For radiolabeling, the methoxy group of [the
precursor of BMB] compound iii was first converted to a
hydroxyl group to give (E,E)~l,4-bis(4’ -nitro-styryl)- 2-
methoxy-benzene and subsequent reduction of the nitro
groups yielded (E,E)~l,4-bis(4’ -amino-styryl)-2-
hydroxy-benzene.
Stankoff 9308.
FF3. Stankoff teaches that “BMB is a Congo red derivative, [and] it should
share some binding properties with other structurally related
compounds.” Stankoff 9307.
[T]here was a profound, but not total, decrease in BMB
binding in shiverer mice, which totally lack MBP
[(myelin binding protein)]. ... In quaking mice, . . .
there is not a complete disappearance of MBP.
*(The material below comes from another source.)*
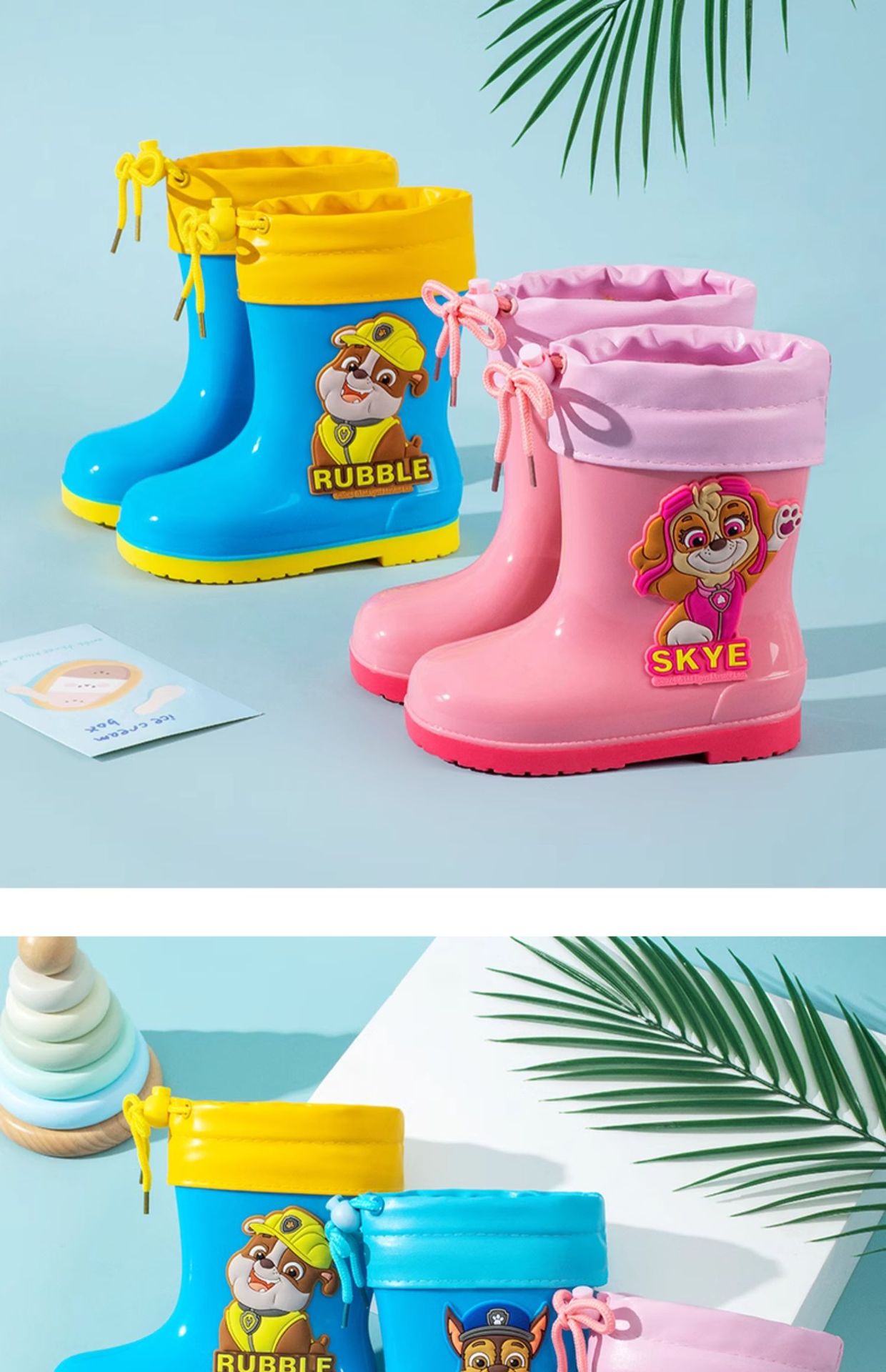 Wang Wang 팀 어린이 장화 만화 코르셋 기모 장화 올 시즌 소년 소녀를위한 보편적 인 물 신발 미끄럼 방지 고무 신발

Interestingly, the decrease in BMB staining is less
pronounced in the Qk than in the shiverer mouse. These
findings, and the lower level of binding in the sciatic
nerve, which contains less MBP in myelin, are
compatible with a predominant binding of BMB to MBP.
However, because BMB staining on myelin, although
largely reduced, is still present in shiverer mice, other
putative targets have to be considered.
Stankoff 9307.
FF4. Wu teaches a fluorescent stilbenzene derivative that binds myelin.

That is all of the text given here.